The following example uses a plain text phrase as KEY_SOURCE and does not use an authenticator:

USE [tempdb];

-- DROP SYMMETRIC KEY [test_key];
CREATE SYMMETRIC KEY [test_key]
WITH ALGORITHM = AES_256,
     KEY_SOURCE = '{your "key"}'
ENCRYPTION BY PASSWORD = 'weak';

OPEN SYMMETRIC KEY [test_key]
   DECRYPTION BY PASSWORD = 'weak';

DECLARE @Encrypted VARBINARY(8000);
SET @Encrypted = ENCRYPTBYKEY(KEY_GUID(N'test_key'), 'test me!');  

SELECT @Encrypted AS [EncryptedValue],
       DECRYPTBYKEY(@Encrypted) [DecryptedBytes],
       CONVERT(VARCHAR(500), DECRYPTBYKEY(@Encrypted)) AS [DecryptedText];

CLOSE SYMMETRIC KEY [test_key];

Returns:

EncryptedValue                   DecryptedBytes        DecryptedText
0x00A6E1C5C3035A45BC33EEFA...    0x74657374206D6521    test me!

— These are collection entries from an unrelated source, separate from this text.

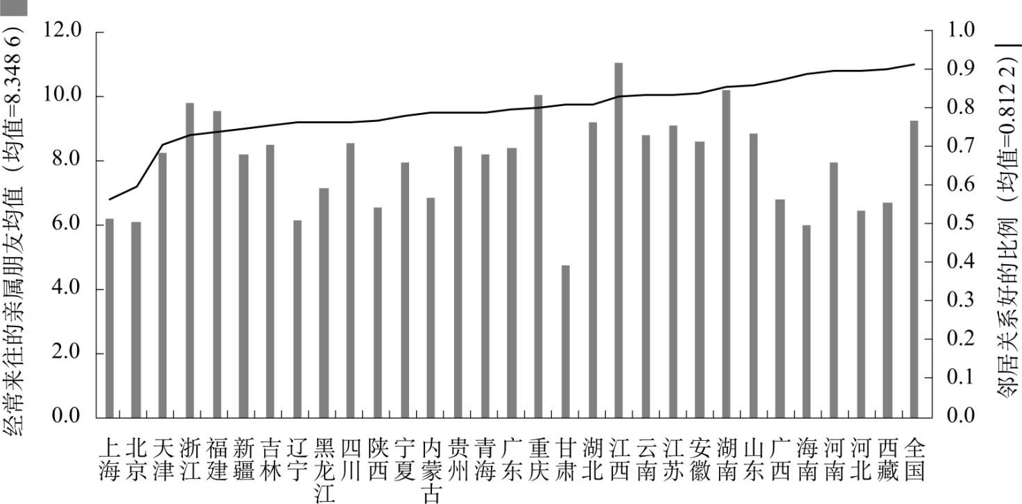 研究发现农村地区老龄人口心情得分均值低于城市地区,这可能与农村地区物质生活和文化生活相对匮乏有关系,因此农村地区应加强老龄人口的社会参与,丰富老年人的物质生活与精神生活。在衡量人际信任的三个指标中,城市人口觉得子女孝顺的比例和经常来往的亲属朋友均值均高于农村地区,邻居关系好的比例则是农村地区较高。由于农村地区物质文化生活相对匮乏,因此子女的经济支持和精神慰藉对于农村老龄人口尤为重要。农村地区可以通过道德引领、村规民俗约束等方式推进“子女尽责、集体担责、社会分责、政府负责”的养老保障格局,提高农村地区老龄人口的人际信任感。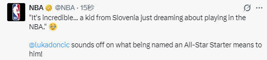 在谈到自己当选全明星票王的感受时,东契奇回答道:“这太不可思议了。我想感谢所有为我投票的人,也请大家多关心斯洛文尼亚。你知道,我小时候只是梦想着打NBA,能有今天这样的成就,我感到非常荣幸。所以我真的很感谢大家。”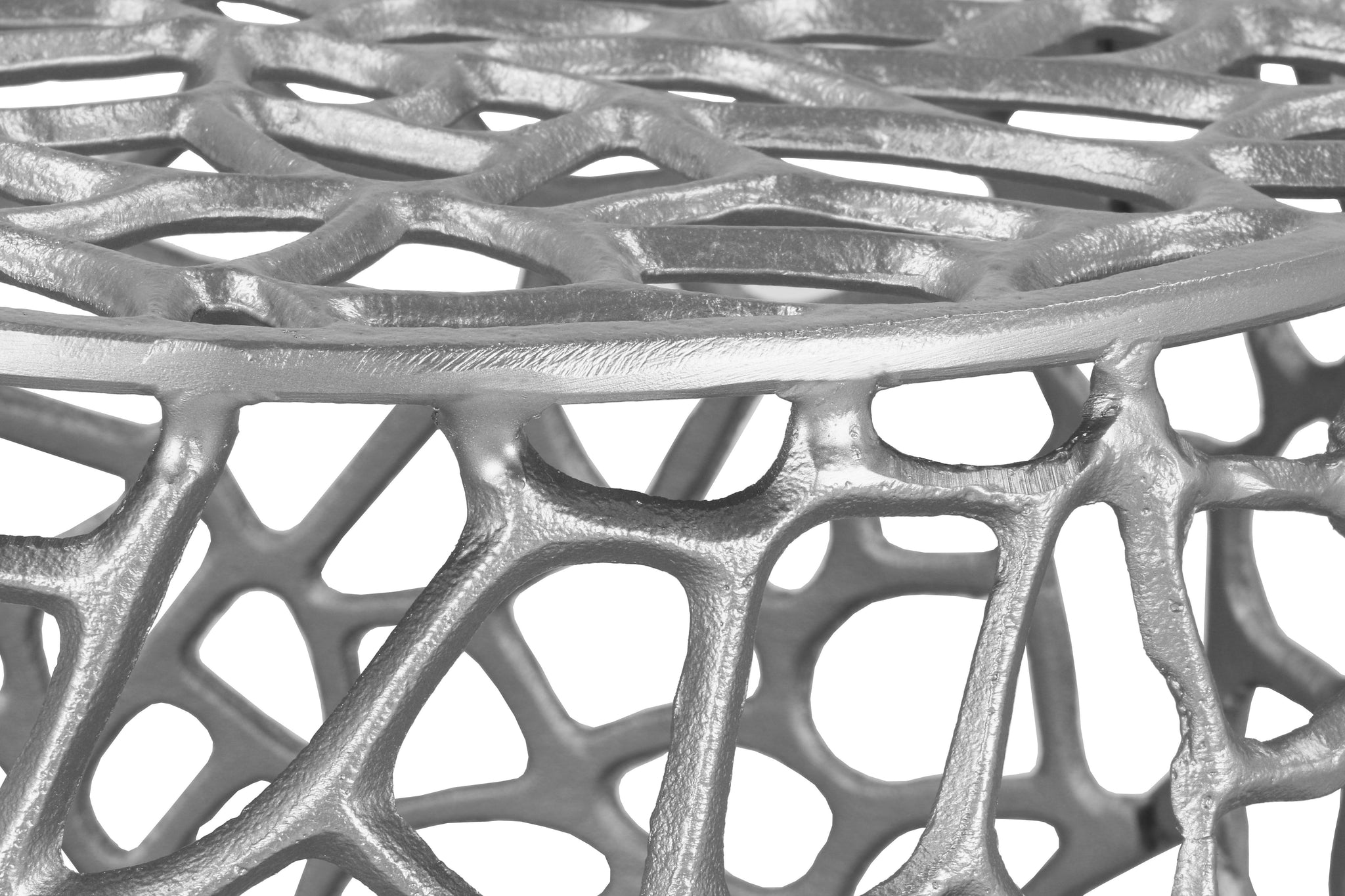 Give your space that added wow factor with this handsomely modern Priya end table. This contemporary table is made from solid aluminum for a lasting, durable build that holds up to years of use. The strikingly intricate detailed scrollwork and attractive silver finish gives it a sleek and modish vibe that is well at home in your living room or den. Pair it with the coordinating coffee table for a coordinated look in your room.

IF, on the other hand, you have the actual binary key itself, then that will not work with the built-in T-SQL functions. In this case you might be able to use SQLCLR in order to use the AesManaged Class in .NET which accepts a 128 bit (16 byte), 192 bit (24 byte), or 256 bit (32 byte) key. Of course, this requires a second value, the "initialization vector (IV)", and I don't know if you have that, and I haven't been able to get it to work when not supplying a value for it. And while it might not matter, there is a "Padding" property that has a few different possible values and it is always possible that Guidewire used a different setting than the default .NET setting, so it could require a bit of trial and error.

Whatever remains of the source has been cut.